William Samuel Henson, John Stringfellow, Frederick Marriott, and D.E. Colombine, incorporated as the "Aerial Transit Company" in 1843 in England, with the intention of raising money to construct the flying machine. Henson built a scale model of his design, which made one tentative steam-powered "hop" as it lifted or bounced, off its guide wire. Attempts were made to fly the small model, and a larger model with a 20 ft wing span, between 1844 and 1847, without success.

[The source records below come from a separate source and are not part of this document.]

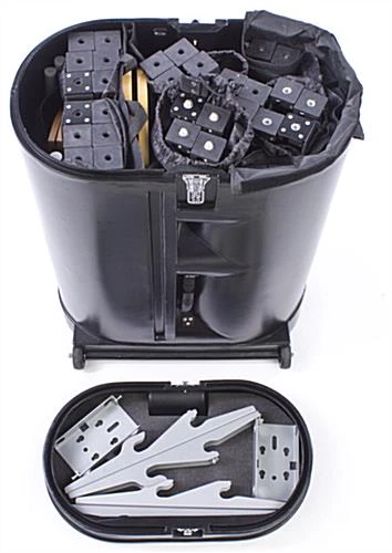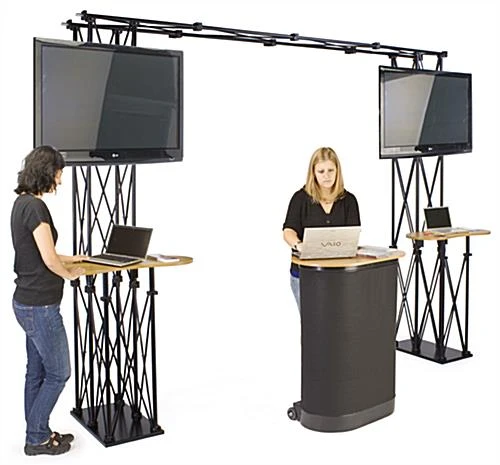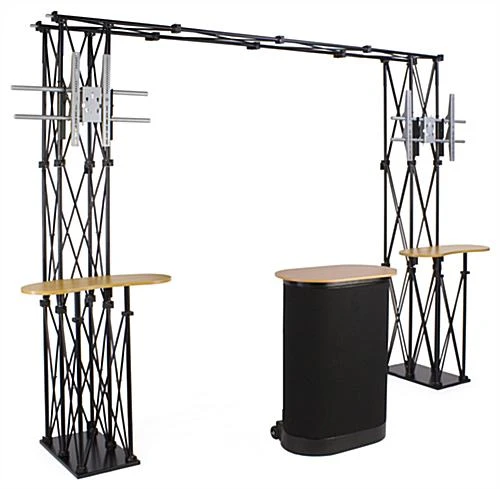 This portable booth display, trade show booth is great for creating an interactive exhibit that will draw customers into your business. Vivid imagery and large televisions easily draw in customers. A portable trade show display can hold an up to 60″ plasma or LCD TV that weighs up to 80 lbs. You can display each television either in landscape or portrait orientation, and use the spacers on each truss to raise your television 3″ on this trade show display. A portable booth displays, like portable booths and an pop up exhibit displays, all fit into traveling cases with wheels to easily transport your display to and from events. A countertop and black wrap are included so you can turn this travel case into a sale counter!
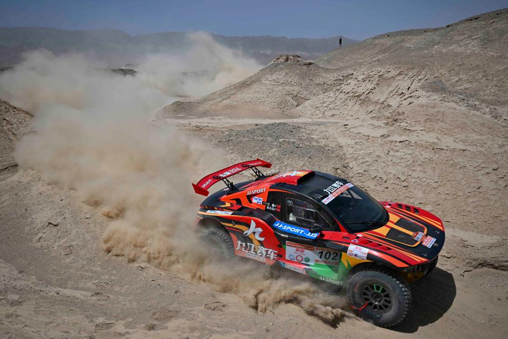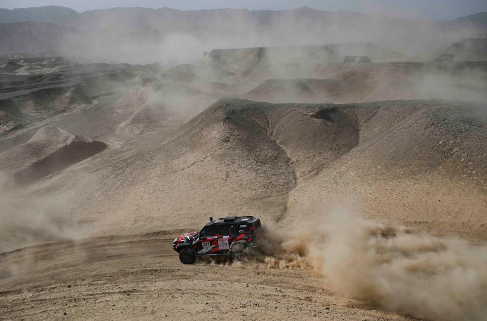 5月20日,龙脉赛车队车手额尼日勒图、领航员贾峻驾驶赛车在排位赛中。
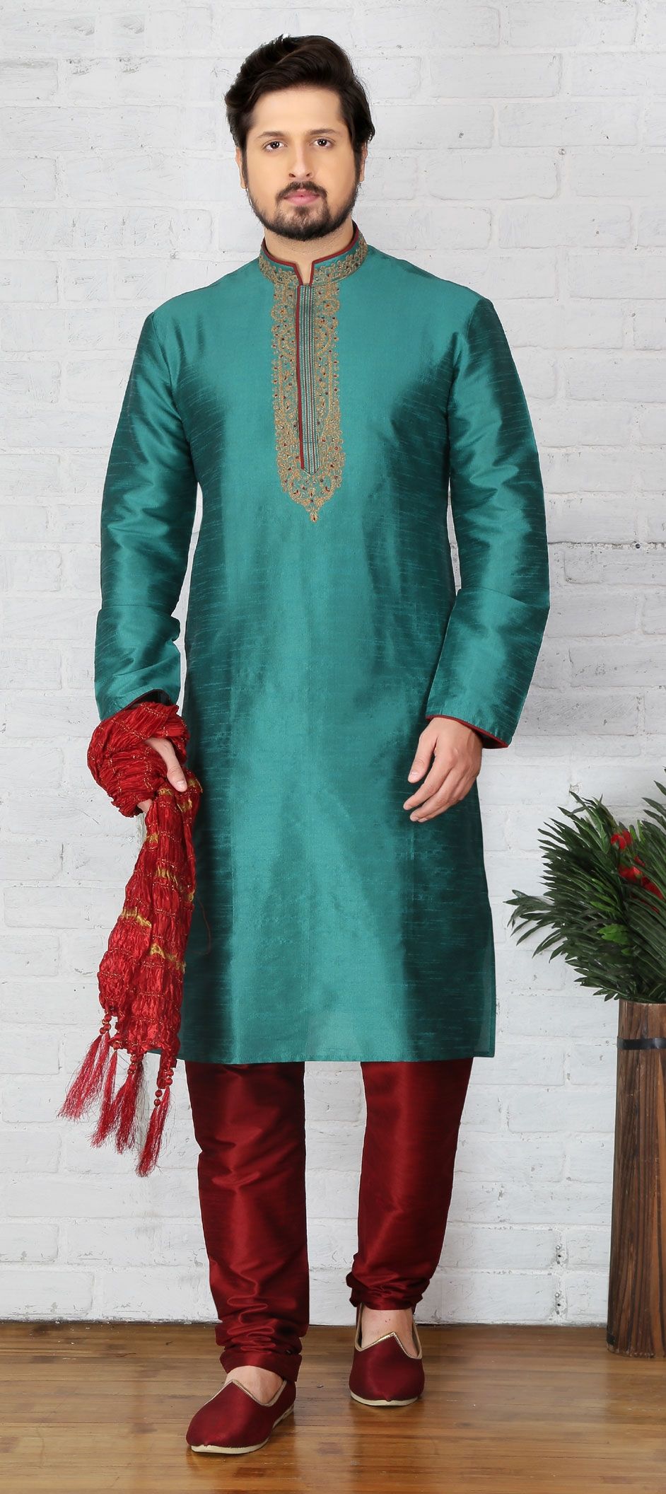 Blue color Kurta Pyjamas in Art Dupion Silk fabric with Embroidered, Thread work
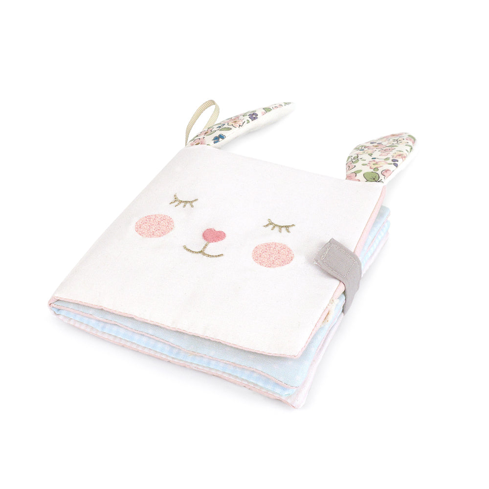 Mon Ami's Bunny and Friends Soft Fabric Book takes little adventurers on a charming sensory journey! Each page reveals crinkly textures that add extra fun to playtime. Featuring cute rainbows, fluttering butterflies, friendly frogs, and blooming flowers, this spring-themed book bursts with joy. The soft 3D bunny ears lined with flowers bring a delightful touch, while the convenient velcro closure makes it easy to carry anywhere. With four double-sided, softly colored pages full of sensory delights, this enchanting book introduces babies to the magic of spring in a playful and engaging way.
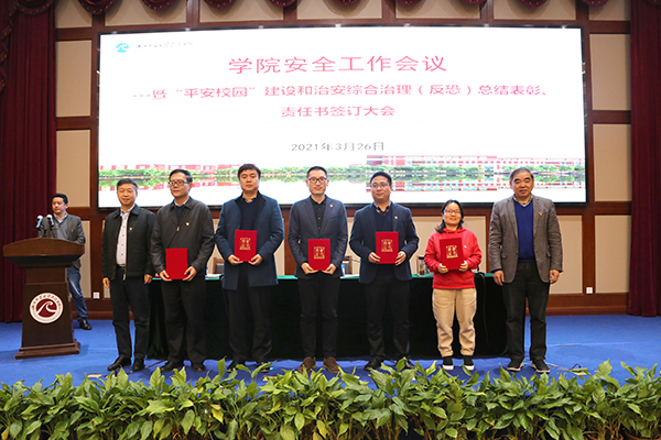 3月26日上午,学院安全工作会议暨“平安校园”建设和综合治理(反恐)总结表彰、责任书签订大会在行健楼117报告厅召开。学院党委书记彭松波,副书记、治安综合治理(反恐)委员会主任何其洪出席会议。治安综合治理(反恐)委员会委员、各部门(单位)治安综合治理(反恐)责任人、二级学院党政负责人和2020年度学院治安综合治理(反恐)先进个人代表参加会议。
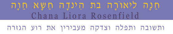 Mazal tov! We are happy to share with you the exciting news of the birth of Benaya Rosenfield, born on November 6, 2006. For Chani's 2nd Yahrzeit, we began a new project: We are joining our close friends and neighbors, Rav Eyal and Elanit Gottlieb, in writing a Sefer Torah, in memory of our daughters Chani z"l and Hadas z"l. For information on joining this special mitzvah, please click here. For Chani's 1-year Yahrzeit we commemorated the Yahrzeit, with a few initiatives:
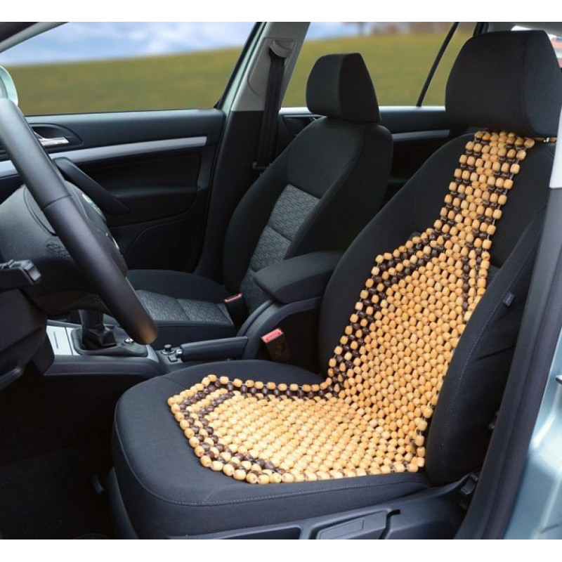 Vzdušný masážny poťah na sedadlo automobilu, univerzálne upevnenie na väčšinu bežne používaných sedadiel. Poťah je vyrobený z drevených guličiek, ktoré príjemne masírujú telo, podporujú krvný obeh, pomáhajú znižovať únavu i bolestivosť chrbta a umožňujú prúdenie vzduchu medzi sedadlom a chrbtom vodiča. Poťah rozložte na sedadlo a v hornej časti ho upevníte pomocou šnúrok za opierku hlavy. Ak poťah na sedadlo alebo akejkoľvek jeho časť upevnenia nebude prekrývať vyústenie airbagov v operadle sedadla (pozri dokumentácia k vozidlu), je možné poťah použiť aj na sedadlá so zabudovaným bočným airbagom priamo v operadle. Veľkosť poťahu: 127 x 38 cm.
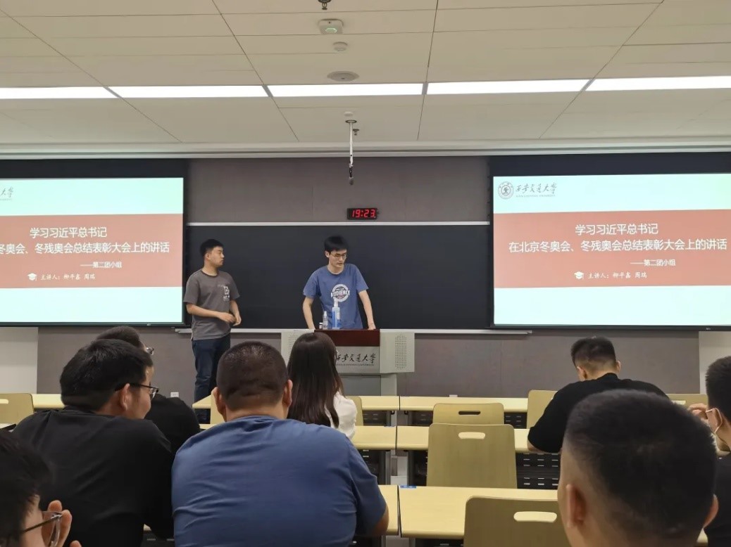 本次会议由团支书蒋志煨主持,以团小组为单位进行学习分享和交流。四个团小组对学习习近平总书记在北京冬奥会冬残奥会总结表彰大会上的重要讲话、习近平与大学生朋友们、《新时代的中国青年》白皮书学习、习近平总书记在西安交通大学与在陕西考察时讲话四方面内容进行了分享,并且支部全体成员进行了深入的交流,达到了很好的学习效果。
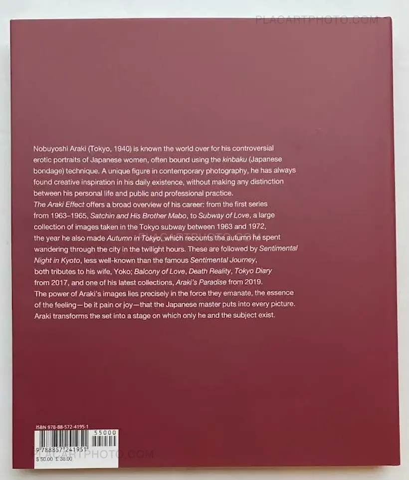 Beginning with Araki’s first series “Satchin and His Brother Mabo” from the mid-1960s, “The Araki Effect” offers readers a broad overview of Araki’s milestone works in 300 images, up until the “Araki’s Paradise” series from 2019: Subway to Love, Autumn in Tokyo, Sentimental Night in Kyoto, Balcony of Love, Kinbaku, Death Reality, Tokyo Summer Story, The 60th Year After the End of the War, August, Anniversary of Hokusai’s Death (part of the Tokyo Diary series), and Gloves.
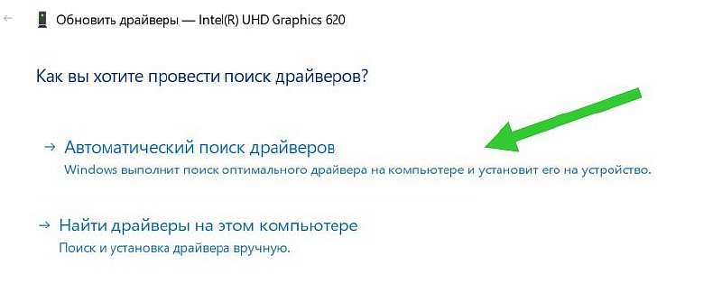 - Из двух предложенных вариантов нажмите «Автоматический поиск обновленных драйверов».
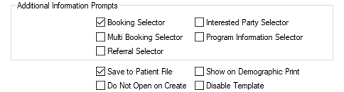 - Under Additional Information Prompts, tick any selectors the user should be prompted for when creating a letter (e.g. Booking Selector, Referral Selector, Interested Party Selector).

The company planned "to convey letters, goods and passengers from place to place through the air", according to the patent.

In an attempt to gain investors and support in Parliament, the company engaged in a major publicity campaign using images of the Ariel in exotic locales, but the company failed to gain the needed investment. There was speculation in the press about whether the Ariel was a hoax or fraud.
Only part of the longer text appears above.